INSTITUT DE FRANCE.
ACADÉMIE FRANÇAISE.
FUNÉRAILLES
DE
M. SAINT-RENÉ TAILLANDIER
Le mercredi 26 février 1879.
DISCOURS
DE
M. LE Baron DE VIEL-CASTEL
DIRECTEUR DE L’ACADÉMIE FRANÇAISE.
MESSIEURS,
Il y a neuf jours, nous conduisions M. de Sacy à sa dernière demeure. M. Saint-René-Taillandier était avec nous. Il a pu nous suivre jusqu’au cimetière éloigné où s’est accomplie cette triste cérémonie. Il était en pleine santé, dans la force de l’âge, et il semblait, même plus jeune qu’il ne l’était en réalité. Il vient de nous être enlevé presque subitement par une de ces terribles maladies contre lesquelles la science est trop souvent impuissante.

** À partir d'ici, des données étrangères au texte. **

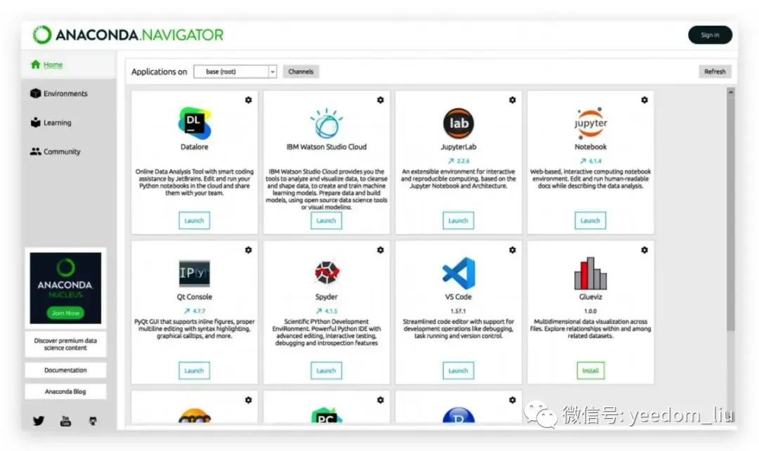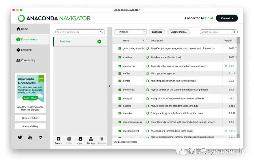 启动Anaconda-Navigator,选择左侧菜单栏的“Environments”,可以查看所有的虚拟环境项目。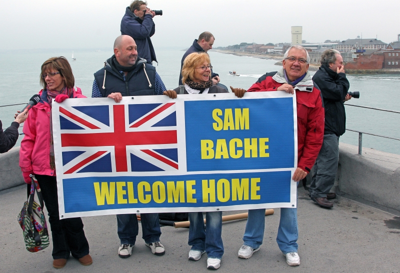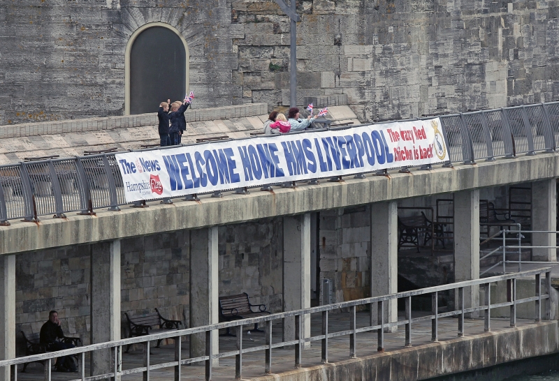 The Portsmouth News "Welcome Home HMS Liverpool" banner over Victoria Pier |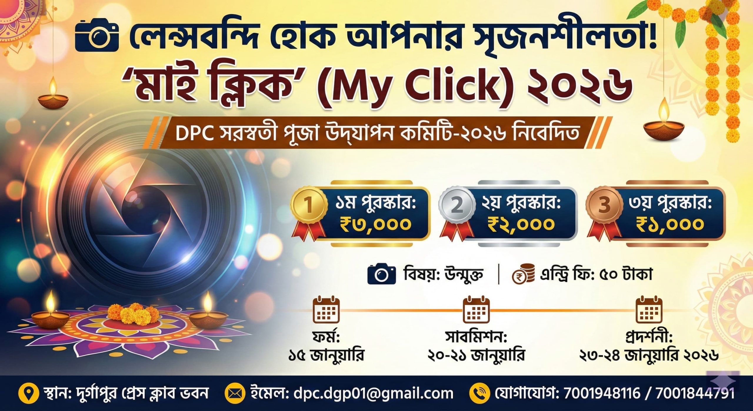 Newz Desk, Durgapur : Ahead of the upcoming Saraswati Puja, the DPC Saraswati Puja Celebration Committee has announced a special photography exhibition and competition titled ‘My Click’. The event will be held at the Durgapur Press Club building on January 23 and 24, 2026, from 4 pm to 7 pm.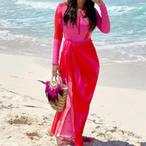 Color Block Long Sleeve Zip Front One Piece Swimsuit and Sarong

En bien peu de jours, l’Académie française a été deux fois cruellement frappée. Comme M. de Sacy, M. Taillandier était un de ses membres les plus assidus, un de ceux qui prenaient le plus de part et qui s’intéressaient le plus à ses travaux ; tous deux, bien qu’ils eussent rempli dans l’État des fonctions importantes, étaient essentiellement, et avant tout des hommes de lettres dans le meilleur sens, dans le sens le plus élevé de ce mot.

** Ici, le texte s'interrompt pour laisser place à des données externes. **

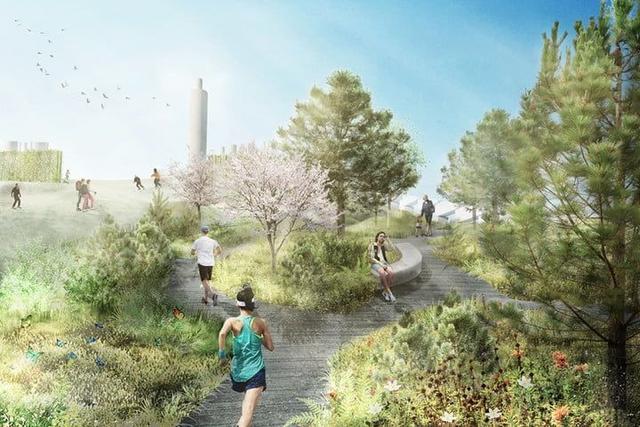 此次滑雪場公園設(shè)計(jì)也基本出爐,發(fā)電廠屋頂斜坡有88米高,設(shè)置了3條滑雪道,總長度超過1500米,還設(shè)了180米速滑挑戰(zhàn),最陡的地方足有45°。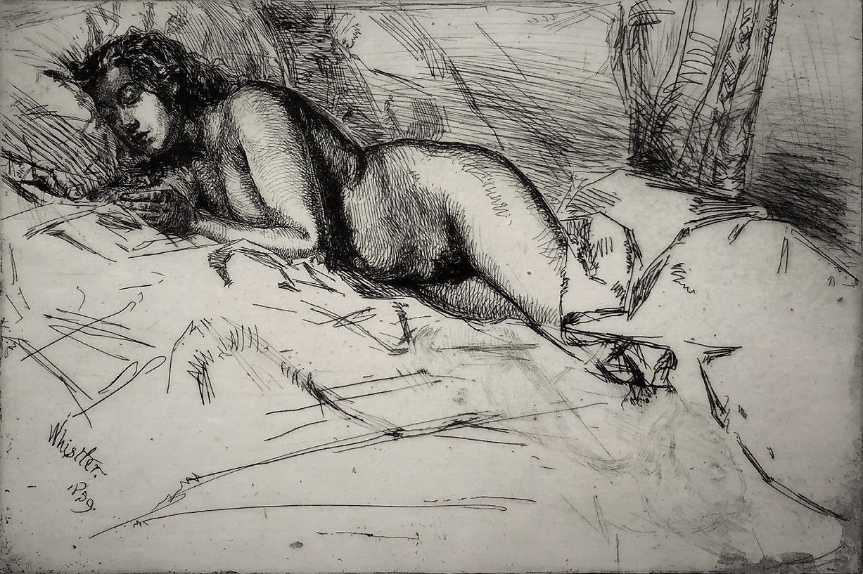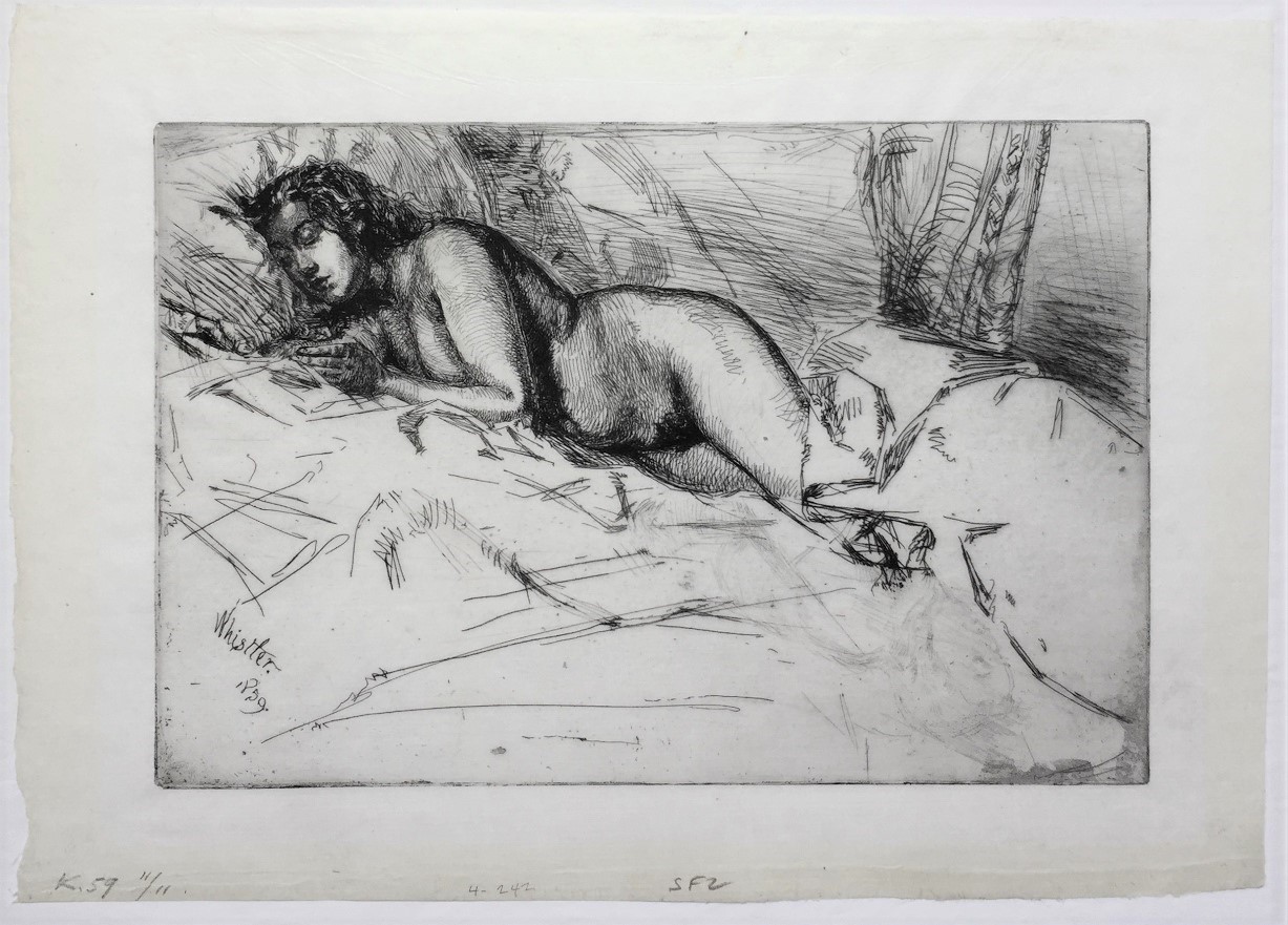 Venus. 1859. Etching and drypoint. Kennedy 59.ii; Glasgow 60.ii. 6 x 9 (sheet 8 x 11 3/16). Glasgow records 27 known impressions. There was no published edition. Signed and dated in the plate. $12,500.

Leurs aptitudes étaient différentes. M. de Sacy excellait par sa profonde connaissance de la langue française et par l’art délicat et exquis avec lequel il la maniait. Un des principaux mérites de M. Taillandier consistait dans la possession des langues étrangères. Pour ne parler que de l’Allemagne, peu d’hommes ont aussi bien connu l’histoire, la littérature, la philosophie, le caractère singulier d’un peuple sur lequel, pendant si longtemps, nous nous étions fait, clans des sens divers et contradictoires, des idées si éloignées de la vérité. Les nombreux articles qu’il a publiés dans une revue célèbre et qu’il a réunis ensuite pour en former des livres excellents nous ont ouvert à cet égard des horizons nouveaux en appropriant aux habitudes de l’esprit français des notions que nous eussions difficilement et imparfaitement comprises s’il nous avait fallu les chercher à la source où il les puisait lui-même, clans les écrits de nos voisins d’outre-Rhin.

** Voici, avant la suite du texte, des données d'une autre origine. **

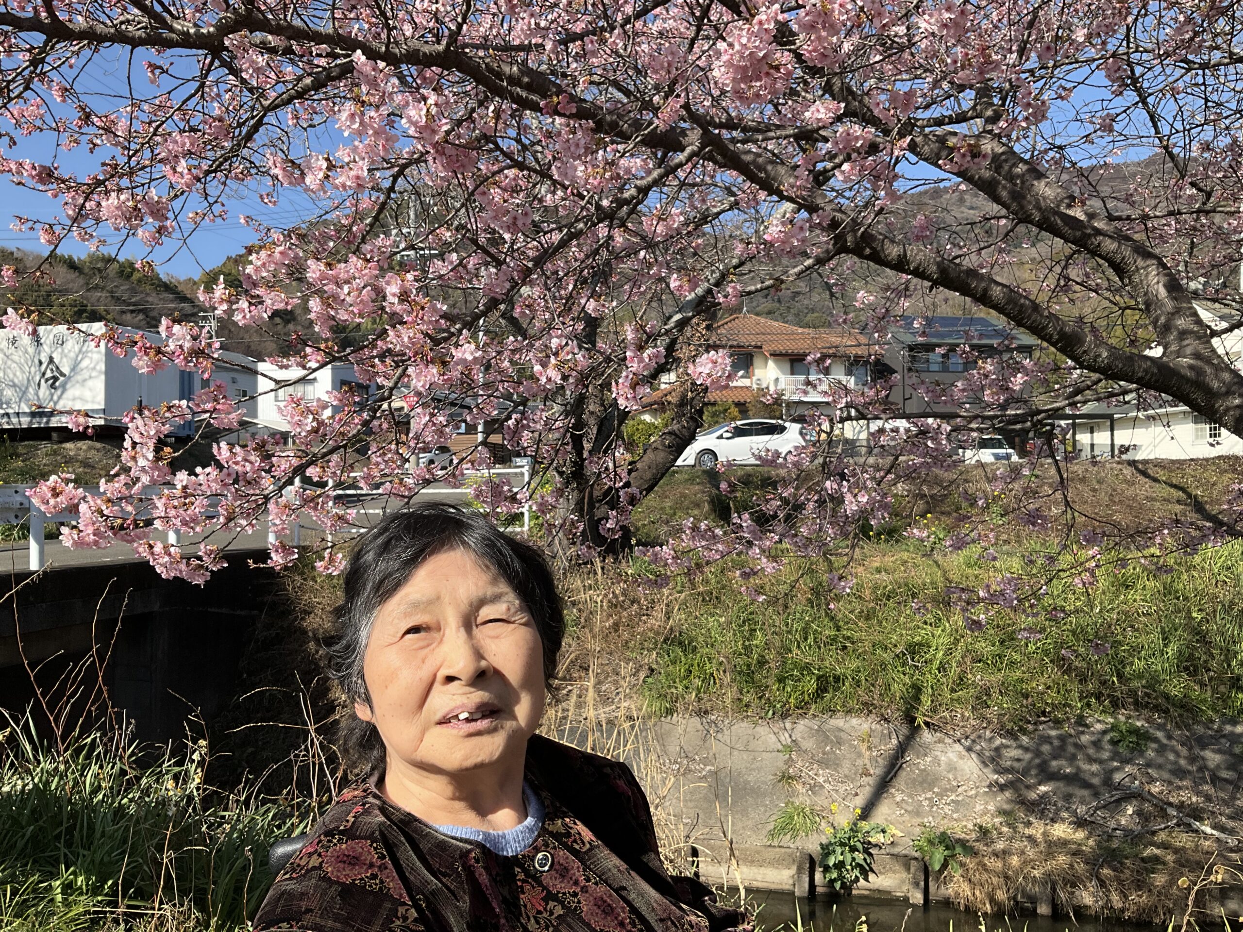 普段、施設の中では動きの少ないお客様も自ら歩行器を押して、色んな景色を見て楽しむことができ、春風を感じ、表情明るく散歩することが出来ました。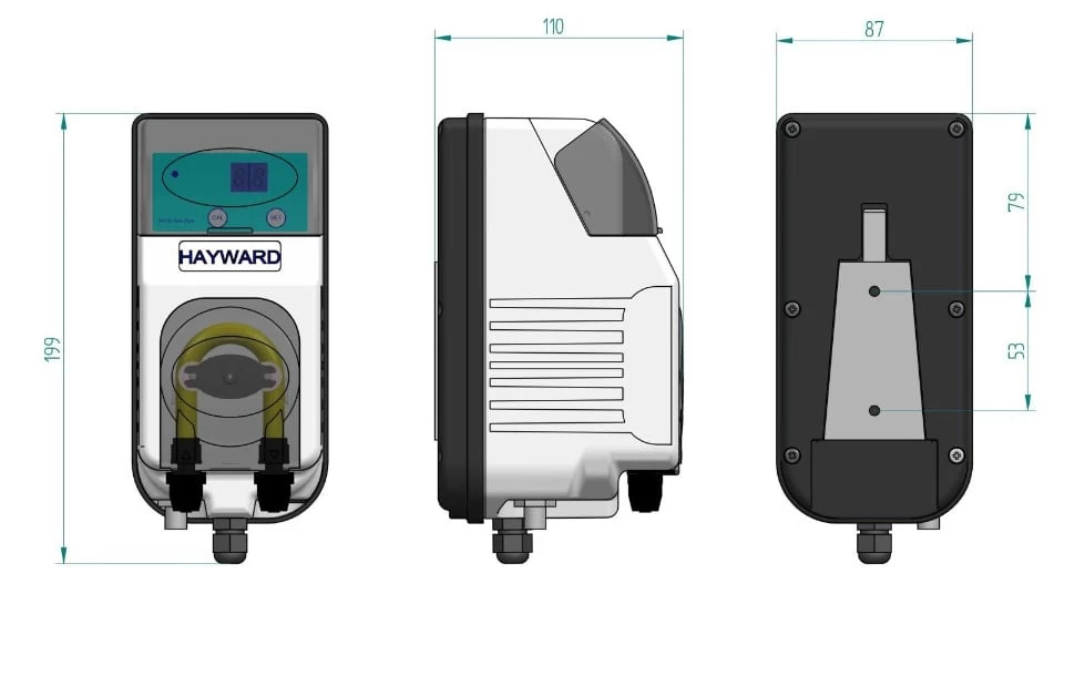 Deze doseerpomp is een laatste ontwikkeling van Hayward en speciaal gemaakt als eenvoudig installatie kitje voor private zwembaden. Het pompje regelt de pH waarde (zuurtegraad) . Aan de hand van een bus AQT vloeibaar pH min kan u zo zonder manuele tussenkomst uw pH waarde van het water regelen. De aflezing is duidelijk op het digitaal scherm. De kwaliteit is beter dan de standaard peristaltische doseerpompjes van Hayward.

Ce n’est pas ici qu’il convient d’expliquer, avec tous les développements que comporterait un tel sujet, la très- grande valeur de ces productions littéraires. En présence d’une tombe ouverte, d’autres préoccupations s’imposent à mon esprit. Ce que je crois devoir louer dans le confrère que nous avons perdu, c’est une bienveillance dont la parfaite aménité de ses manières était l’aimable expression ; ce sont des qualités morales d’un ordre plus élevé encore, l’honnêteté, la droiture de ses principes et les convictions religieuses dont il était animé, ces convictions qui, de l’aveu des sceptiques intelligents et non prévenus, contribuent si efficacement, mène sur cette terre, au bonheur de l’existence. Un de ces sceptiques, un des plus éminents, un très-grand esprit n’a-t-il pas dit que homme est meilleur lorsqu’il croit, parce qu’il est plus heureux ?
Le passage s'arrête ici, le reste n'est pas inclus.